The Scots often outnumbered the Scousers in the Liverpool side in Dalglish's heyday. Then Merseyside provided the top two teams in the country. Now they are officially the sixth- and seventh-best sides in the North West. Either side of the Walton Road it is advantage Everton, but the backdrop is very different.

MAN OF THE MATCH: Tim Howard - Conceded the penalty, but Everton could have been out of sight at the interval but for the acrobatics of the American. Torres, Meireles and Kuyt could all have had further goals but for him.

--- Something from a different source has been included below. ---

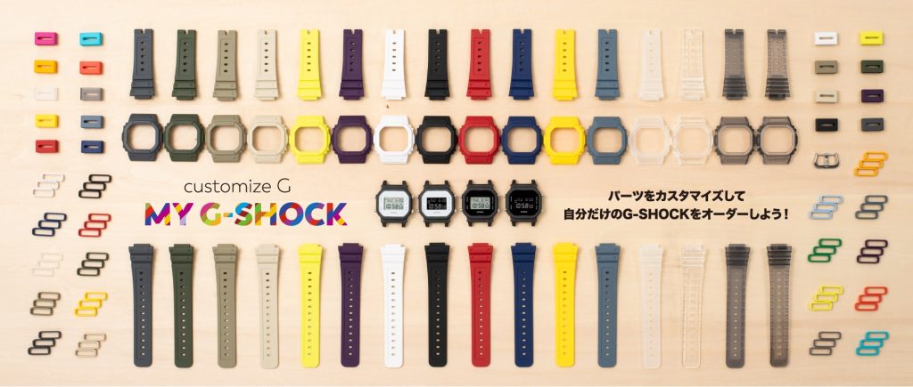 今回の主テーマである「MY G-SHOCK」は、お客様のニーズにお答えできるDXの取り組みとして2021年10月に提供を開始したサービスになります。初号機を引き継ぐスクエアデザインの『DWE-5610』をベースに、ベゼル・バンド・フェイス・遊環などのパーツの色を選び自分好みのモデルが作れる新たなサービスです。ベゼル・バンド・遊環は、それぞれサービス開始時の限定カラーを含め19種類以上のバリエーションを取りそろえ、約6億5,800万通りの組み合わせが可能です。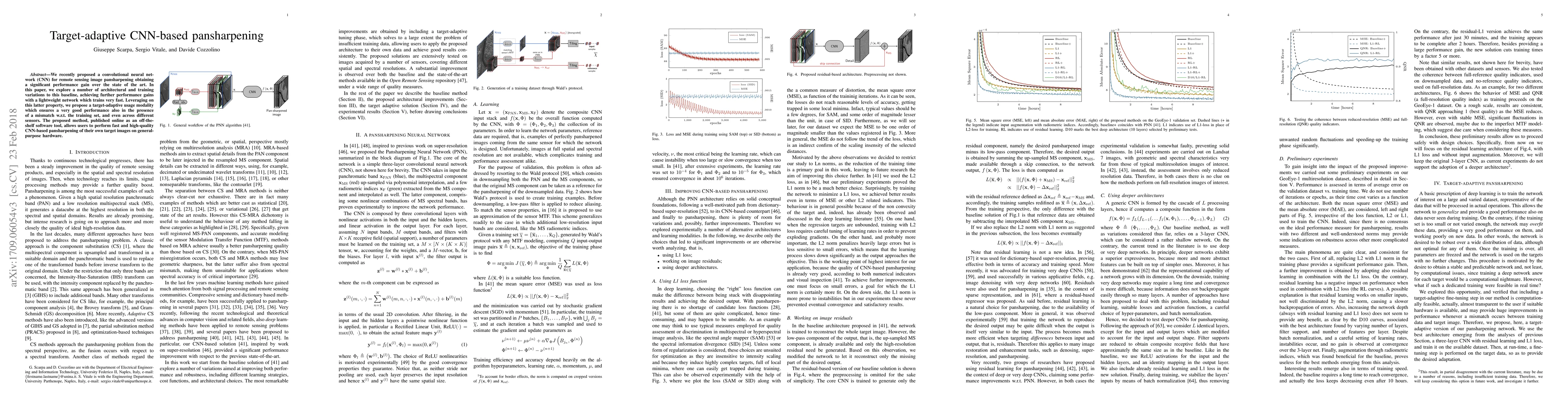 This paper enhances a convolutional neural network (CNN) for remote sensing image pansharpening, achieving further performance gains through architectural and training variations. It introduces a target-adaptive modality that maintains high performance despite mismatches with training data and across different sensors, enabling fast and high-quality pansharpening on general-purpose hardware.

LIVERPOOL VERDICT: "We can't be disappointed with any one of our players," said Dalglish. It is part of an attempt to imbue his side with confidence. An analysis of the defending for Everton's two goals might reveal reasons to complain; the ferries that cross the Mersey have a smaller turning circle than Kyrgiakos and the illness that forced Daniel Agger off could have been crucial. But, significantly, Dalglish hinted that Johnson might have to carry on playing left-back because of Kelly's form in his preferred position.

EVERTON VERDICT: Minus Tim Cahill, Louis Saha, Steven Pienaar and Phil Jagielka for a variety of reasons, Moyes' squad looks stretched again. "We were missing three or four really good players," he said. "I know Liverpool missed two but it's different for a club like Everton; we've got a much smaller squad." It is unlikely to get bigger in January.

PIENAAR LATEST: The South African was omitted after telling Moyes he is not in the right state of mind. Everton have accepted an offer from Chelsea but have rejected a lower bid from Tottenham for the midfielder.